* [WHAT YOU WILL DO]: The entries are to be repeated exactly, with all pictures omitted.

---------- DATA SHOWN

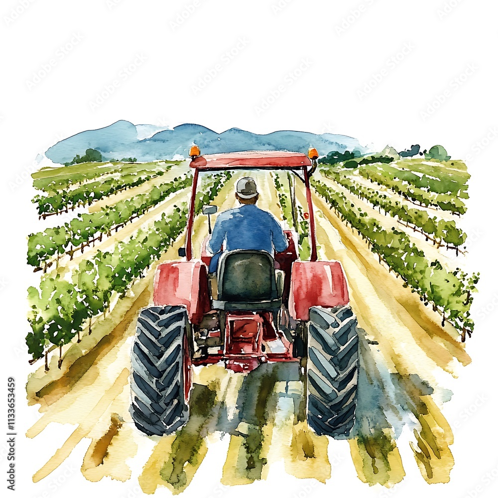 Watercolor painting of a farmer driving a red tractor through a vineyard. #1133653459
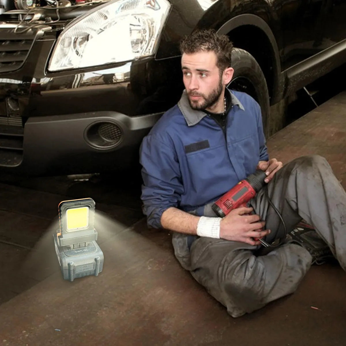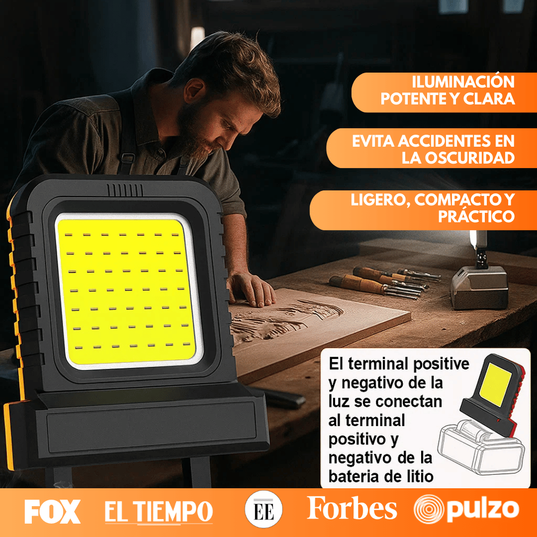 Este innovador reflector aprovecha la energía de las mismas baterías que ya usas en tus herramientas eléctricas, evitando que tengas que comprar baterías adicionales o depender de tomacorrientes.
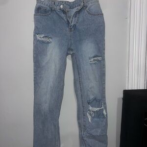 Elevate your casual style with these classic blue distressed jeans. Perfect for a laid-back look.
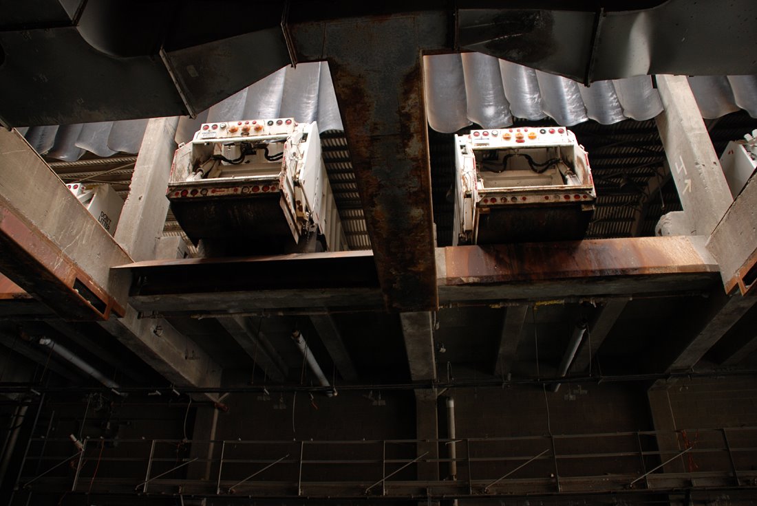 Filmmaker, photographer and location scout Nathan Kensinger publishes two photo essays per month on his blog dedicated to “the abandoned and industrial edges of New York”. In yesterday’s offering, he turned a gritty eye to the Hamilton Avenue Marine Transfer Station, which was decommissioned with the closing of the Fresh Kills landfill, but is now open for bids from solid waste management companies should any be interested in retrofitting the space.
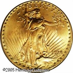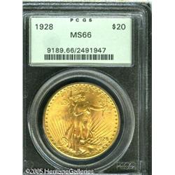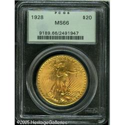 <B>1928 $20 MS66 PCGS.</B></I> The 1928 is undoubtedly one of the best produced Saint-Gaudens twenties. What sets this issue aside from the other P-mints from the 1920s is the exceptional, thick mint luster usually seen on the 1928. This piece is certainly no exception with coppery-red patina as well. Fully struck, there are only the tiniest abrasions present when a magnifier is applied to the surface of this coin. Lot:9757
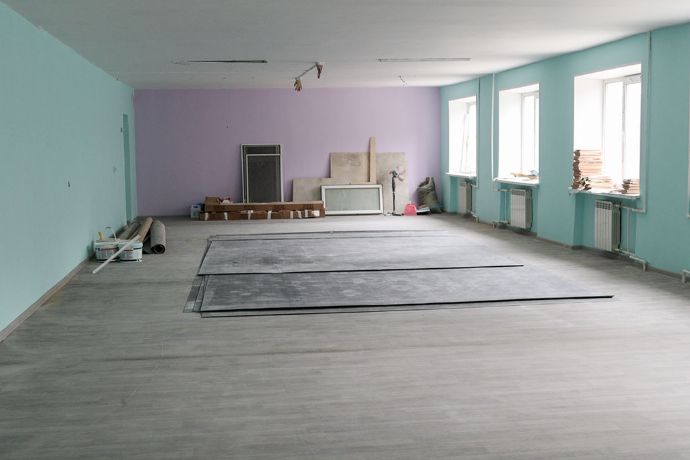 По информации подрядчика на объекте задействовано 17 специалистов, которые ведут работы параллельно в нескольких зонах. На данный момент полностью закончены работы в цокольной части, а также на втором и третьем этажах. На четвертом этаже установлены межкомнатные двери, стены выровнены и ждут покраски. Завершающими штрихами здесь станут укладка линолеума и монтаж плинтусов. На пятом этаже продолжаются отделочные работы: подготавливаются поверхности под покраску и монтируются дверные блоки.

--------------------

* [REPLY]:
 Watercolor painting of a farmer driving a red tractor through a vineyard. #1133653459
 Este innovador reflector aprovecha la energía de las mismas baterías que ya usas en tus herramientas eléctricas, evitando que tengas que comprar baterías adicionales o depender de tomacorrientes.
 Elevate your casual style with these classic blue distressed jeans. Perfect for a laid-back look.
 Filmmaker, photographer and location scout Nathan Kensinger publishes two photo essays per month on his blog dedicated to “the abandoned and industrial edges of New York”. In yesterday’s offering, he turned a gritty eye to the Hamilton Avenue Marine Transfer Station, which was decommissioned with the closing of the Fresh Kills landfill, but is now open for bids from solid waste management companies should any be interested in retrofitting the space.
 <B>1928 $20 MS66 PCGS.</B></I> The 1928 is undoubtedly one of the best produced Saint-Gaudens twenties. What sets this issue aside from the other P-mints from the 1920s is the exceptional, thick mint luster usually seen on the 1928. This piece is certainly no exception with coppery-red patina as well. Fully struck, there are only the tiniest abrasions present when a magnifier is applied to the surface of this coin. Lot:9757
 По информации подрядчика на объекте задействовано 17 специалистов, которые ведут работы параллельно в нескольких зонах. На данный момент полностью закончены работы в цокольной части, а также на втором и третьем этажах. На четвертом этаже установлены межкомнатные двери, стены выровнены и ждут покраски. Завершающими штрихами здесь станут укладка линолеума и монтаж плинтусов. На пятом этаже продолжаются отделочные работы: подготавливаются поверхности под покраску и монтируются дверные блоки.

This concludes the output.